Le reste de la soirée fut consacré à l’étude des différentes cibles. Pour commencer, ils avaient éliminé tout les établissements à proximité d’un commissariat où d’une zone touristique, ce qui limitait déjà une bonne partie de la ville. Il fallait, de manière générale, éviter toutes les zones passantes et les rues centrales, se rabattre sur les endroits plus déserts. Ils s’orientèrent vers les secteurs en cours de construction, où les agences tentaient d’obtenir les meilleures places, quitte à arriver quatre mois avant leurs clients. Vers dix heures, ils avaient circonscrit un périmètre de recherche. Ils éliminèrent de nouveau, affinant leurs critères. Éviter la proximité d’un bureau de tabac, très fréquenté en début et en fin de journée, de même qu’une boulangerie. Surtout, éviter les banques qui s’étaient déjà fait braquer dans l’année, dont les systèmes de sécurité auraient été renforcés. Et préciser de nouveau, être de plus en plus strict, réduisant la liste des cibles potentielles à une poignée. Léa était désormais en vacances, ses parents étaient au Liban où son père interrogeait des réfugiés syriens pendant que sa mère profitait de la plage. Elle avait tout le temps de faire les repérages pendant que Jean travaillait.

Ils tablèrent une semaine sur la question. Ils abordèrent la question de la violence, des moyens qu’ils allaient mettre en oeuvre pour obtenir ce qu’ils désiraient. Jean proposait d’y aller avec des pistolets à billes factices, mais de très bonne facture, qu’il gardait chez lui, mais Léa s’y opposa. Selon elle, le risque était le même que l’arme soit réelle ou fausse, tant face à la police qu’à la justice. Dans ces conditions, autant avoir de quoi faire vraiment peur. Elle le persuada de poser la question à Maxence, ce qu’il fit sans trop y croire, persuadé qu’elle s’en remettait à un préjugé.

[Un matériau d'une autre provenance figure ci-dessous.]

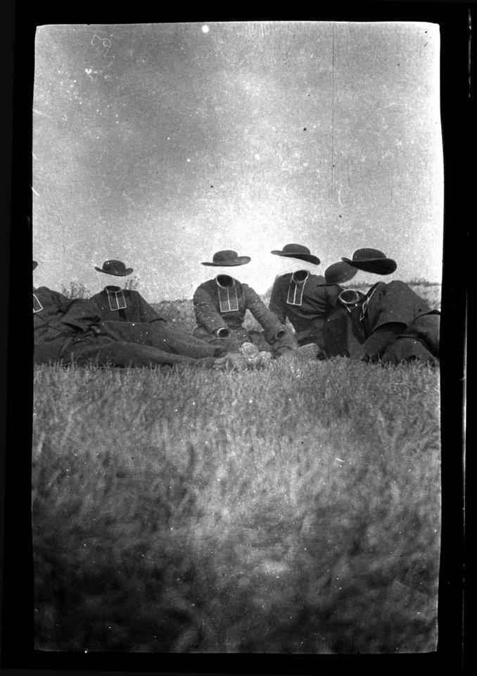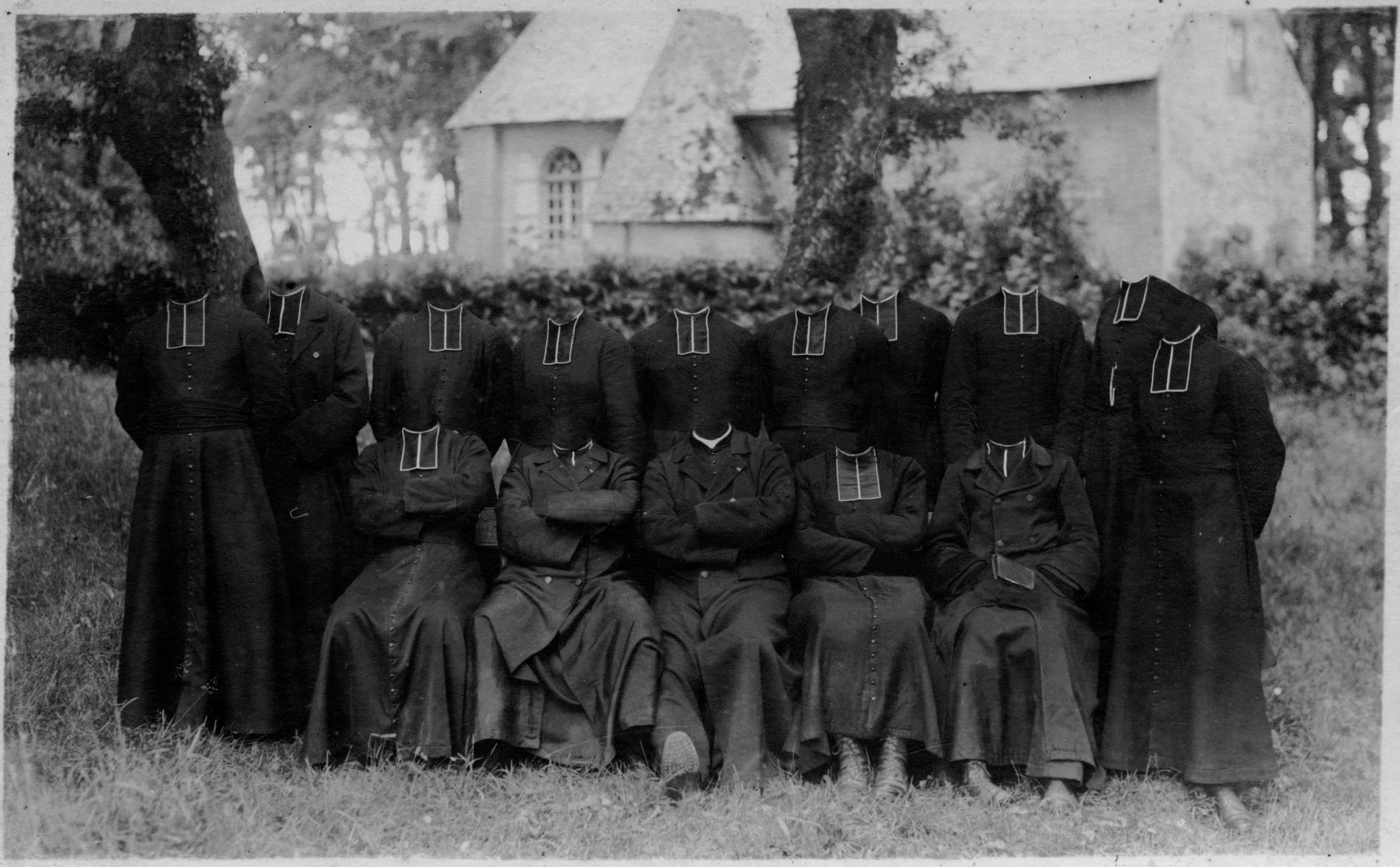 La série Headless est née d’une volonté de l’artiste d’entreprendre une archéologie familiale pour en décrypter les mécanismes idéologiques, ainsi que leurs inévitables incidences sur sa propre vie. Suite au décès d’une tante, il récupère une boite de négatifs, il les rassemble et les laisse de côté. Plus tard, il découvre un document daté de 1940 où il apprend que son grand-père a collaboré avec l’Allemagne nazie en vendant du vin aux soldats allemands installés en Bretagne. Un document à la fois terrifiant et déclencheur d’une recherche plus approfondie. Erwan Venn revient vers les négatifs photographiques, il les scrute avec attention, décode les indices (lieux, identités, évènements) et retrace ainsi le parcours de son grand-père. Ce dernier est éduqué selon les préceptes d’une morale pieuse, rigide et contre révolutionnaire. Jeune, il se tourne vers la religion en intégrant le petit séminaire. Un passage dont il subsiste quelques images en noir et blanc. Des photographies de groupes où les jeunes séminaristes posent stoïquement, bras croisés et derrière le dos, ou de manière plus candide, assis et allongés dans l’herbe. Des photographies qu’Erwan Venn modifie numériquement en prélevant les têtes de chacun des figurants. Sans tête, sans visage, ils perdent toute forme d’identité et d’individualité. Ils ne sont plus que des costumes, des corps flottants, fantomatiques. Sans têtes, ces hommes, alors considérés comme les « soldats de dieux », se résument à leur mission idéologique. L’artiste met en lumière les rapports étroits entre le clergé et le politique, mais aussi les rouages d’une propagande rampante.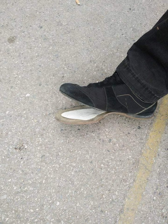 Trước, anh ấy có tặng tôi một đôi giầy da lộn rất đẹp. Tôi giữ mãi, chốt đến hôm đẹp trời mới mang ra đi. Đầy hào hứng, đầy tự hào, đầy tự tin... cho đến khi bước từ trong xe ra thấy vướng vướng dưới chân và đây là nó - trong ngày đầu được sử dụng. Hic. Còn chua chát nào hơn khi một nghệ sĩ đi dự sự kiện mà.... Giầy đi đế ở lại thế này".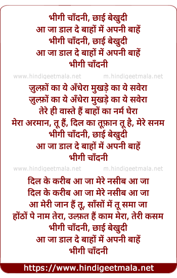 Lyrics of Bhigi Chaandani Chhaai Bekhudi Aa Jaa Daal De Baahon Men - भीगी चाँदनी छाई बेखुदी आ जा डाल दे बाहों में
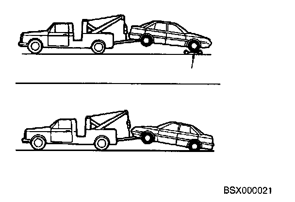 - Do not tow vehicle backward with driving wheels on the ground. This may cause internal damage to transmission.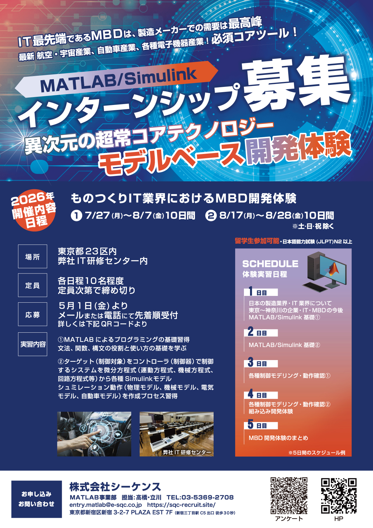 | 【応募先】 | ㈱シーケンスMBD事業部MBD(IT) 担当 高橋・立川 迄 TEL:03-5369-2708 EMail:entry.matlab@e-sqc.co.jp |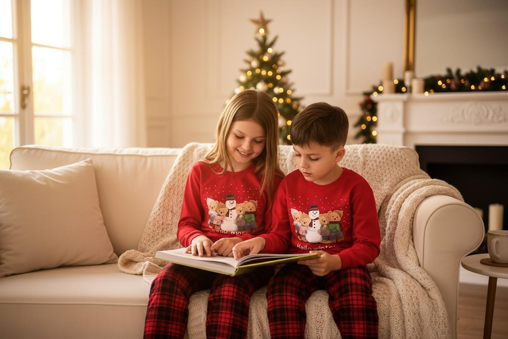 Piżama Winter w wersji chłopięcej to klasyk świątecznych stylizacji — intensywna czerwień, zimowy nadruk i miękka, 100% naturalna bawełna, dzięki której chłopiec czuje pełen komfort przez całą zimę. To model, który rodzice kupują najczęściej na Mikołajki, wyjazdy świąteczne oraz rodzinne zestawy.
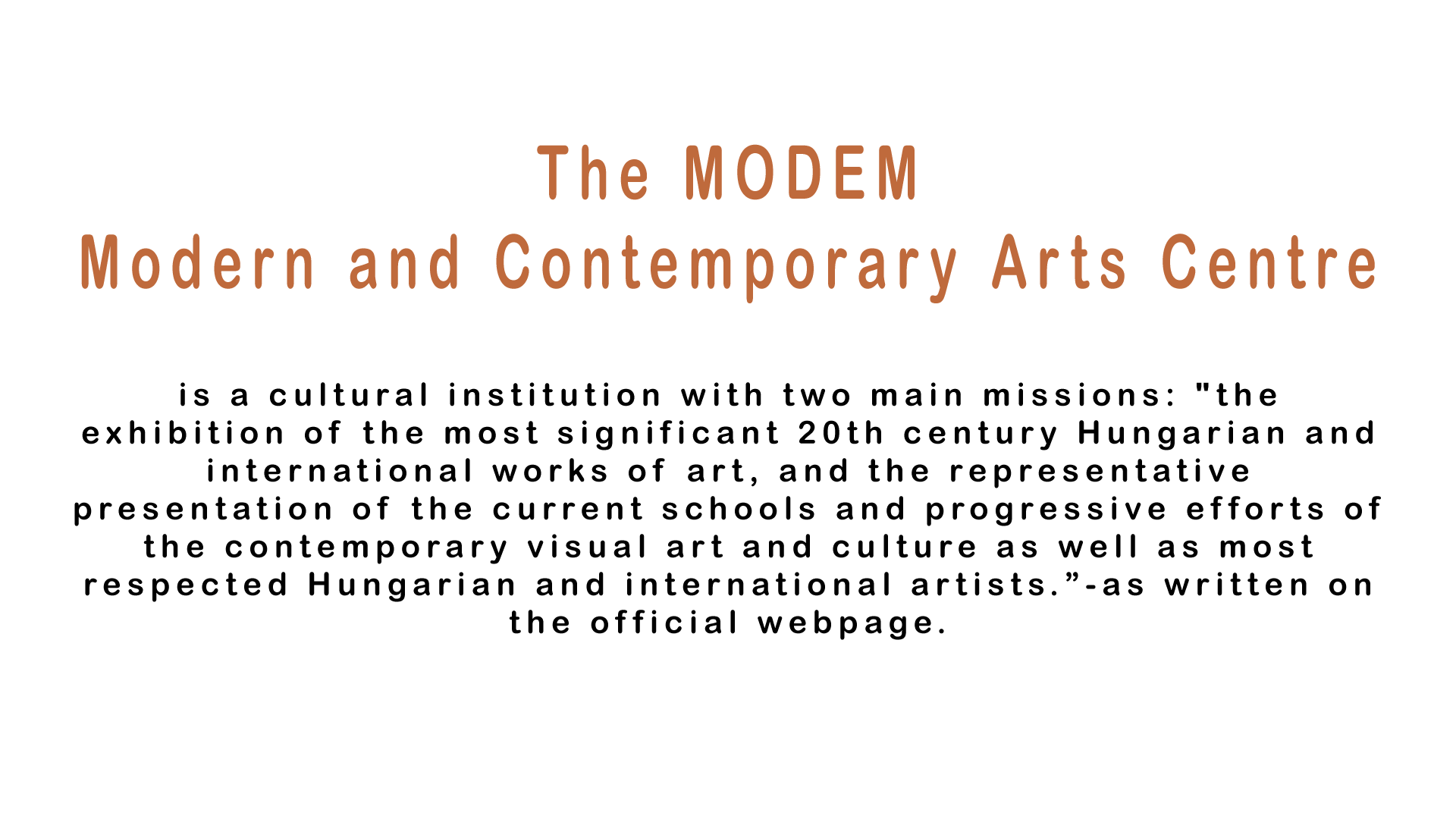 I created this design as a part of my studies. The sources (MODEM logo, pictures of the Artist) were only used for educational purposes. The official page of MODEM is http://www.modemart.hu/en/

Mais au contraire, le toxico lui lança un grand sourire et lui indiqua une somme démesurée, ainsi qu’un délai. Quelques jours plus tard, il se présentait chez eux – lui qui ne se déplaçait jamais chez ses clients – et posait sur la table un automatique Glock 19, emballé dans trois épaisseurs de papier-bulle et un sac de plastique. Il le sortit avec des gants de chirurgien et le présenta, ainsi que son chargeur. Jean ne savait pas quoi répondre. Léa se contenta de hocher la tête et de tendre à Maxence une liasse de billet.

Puis, après son départ, elle annonça à Jean qu’elle avait trouvé leur cible. Après avoir inclus dans ses recherches les bureaux de change, les acheteurs d’or et tout les autres commerces traitant de grosses sommes d’argent en liquide. Un changeur avait ouvert à une centaine de mètre du nouveau centre commercial de Confluence, cette gigantesque boite pleine de vent qui avait poussé en face du nouveau conseil régional. Toute la zone était en friche depuis la destruction de l’ancien marché-gare, il n’y avait personne jusqu’aux premières lueurs du jour. D’après elle, la boutique ne comptait que deux employés, à horaires décalés. Ils échangeaient de grosses sommes, en différentes monnaies, assez pour partir loin, où ils le désireraient.

Ils avaient un plan. Ils avaient une arme. Ils avaient chacun l’autre. Et ils allaient attaquer une banque.